RDF Reasoning¶

Remember that an RDF graph is composed of triples which state facts, such as:

In [1]:
data = """
@prefix rdf:  <http://www.w3.org/1999/02/22-rdf-syntax-ns#> .
@prefix rdfs: <http://www.w3.org/2000/01/rdf-schema#> .
@base <http://my.org/> .
@prefix : <#> .

:spot a :Dog ; :name "Spot" .
:rex a :Dog ; :name "Rex" .
:minka a :Cat ; :name "Minka" .

:Dog rdfs:subClassOf :Animal .
:Cat rdfs:subClassOf :Animal .
"""

We already saw a number of examples where logical deductions would make sense, as in this case:

  • from the fact that :spot is a :Dog, and
  • :Dog is a subclass of :Animal, there follows
  • :spot is an :Animal .

However, the expression 'there follows' is from our point of view as humans associating meaning with words.
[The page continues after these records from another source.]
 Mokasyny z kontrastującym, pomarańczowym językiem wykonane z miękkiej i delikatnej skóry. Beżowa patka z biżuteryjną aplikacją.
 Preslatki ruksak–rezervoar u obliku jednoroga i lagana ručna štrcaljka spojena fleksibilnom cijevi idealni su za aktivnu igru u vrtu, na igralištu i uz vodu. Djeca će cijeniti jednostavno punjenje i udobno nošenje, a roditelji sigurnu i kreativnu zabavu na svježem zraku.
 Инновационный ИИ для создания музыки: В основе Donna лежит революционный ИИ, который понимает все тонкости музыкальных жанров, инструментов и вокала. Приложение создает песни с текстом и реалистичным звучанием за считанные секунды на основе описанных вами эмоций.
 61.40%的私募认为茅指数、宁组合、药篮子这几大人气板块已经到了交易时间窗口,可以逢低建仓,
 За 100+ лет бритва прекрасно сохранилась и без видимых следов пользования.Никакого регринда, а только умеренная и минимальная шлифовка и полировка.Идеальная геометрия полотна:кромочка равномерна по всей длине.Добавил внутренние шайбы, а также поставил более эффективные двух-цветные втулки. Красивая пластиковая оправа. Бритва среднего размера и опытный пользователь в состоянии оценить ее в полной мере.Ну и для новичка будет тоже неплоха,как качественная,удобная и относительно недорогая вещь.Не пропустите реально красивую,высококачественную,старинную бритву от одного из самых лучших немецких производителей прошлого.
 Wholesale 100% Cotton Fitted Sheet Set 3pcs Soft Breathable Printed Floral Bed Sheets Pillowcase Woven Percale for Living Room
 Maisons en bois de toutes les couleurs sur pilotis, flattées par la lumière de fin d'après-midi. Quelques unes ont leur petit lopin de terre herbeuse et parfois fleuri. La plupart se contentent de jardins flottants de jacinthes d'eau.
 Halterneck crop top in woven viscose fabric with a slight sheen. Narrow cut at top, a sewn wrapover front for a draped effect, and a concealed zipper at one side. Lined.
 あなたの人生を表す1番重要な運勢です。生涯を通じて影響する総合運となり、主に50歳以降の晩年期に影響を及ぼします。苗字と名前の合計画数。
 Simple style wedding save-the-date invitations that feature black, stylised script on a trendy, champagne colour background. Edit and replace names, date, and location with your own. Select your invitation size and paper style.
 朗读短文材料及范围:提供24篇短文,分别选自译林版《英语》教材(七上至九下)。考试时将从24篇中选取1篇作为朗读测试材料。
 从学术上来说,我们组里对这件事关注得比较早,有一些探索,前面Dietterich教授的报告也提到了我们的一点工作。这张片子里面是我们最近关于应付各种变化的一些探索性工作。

The last statement is not in the graph, only the facts that we entered:

In [2]:
import rdflib

g = rdflib.Graph()

g.parse(data=data, format='turtle')
print('Triples:', len(g))
Triples: 8

So if we query the graph for a list of the names of our animals, we get nothing:

In [3]:
for row in g.query("SELECT ?a WHERE { ?s a :Animal . ?s :name ?a }"):
    print(row['a'])

We already know a trick that can help us in this particular situation:

In [4]:
q = """
SELECT ?a WHERE { 
  ?s a/rdfs:subClassOf* :Animal . 
  ?s :name ?a 
  }
"""

for row in g.query(q):
    print(row['a'])
Spot
Rex
Minka

We are manually doing the 'reasoning', in this case querying not only subjects that are in the :Animal class, but also in any subclass of :Animal.

How can we make the expression

?s a :Animal .

apply to all members of subclasses in our graph, without using the /* notation?

This is a simple example of reasoning: inferring additional facts from known ones.

There are many implementations for RDF reasoners that can deal with this sort of problems, and many other, but instead of using one of those like a black box, we want to know what is happening -- we write our own mini reasoner.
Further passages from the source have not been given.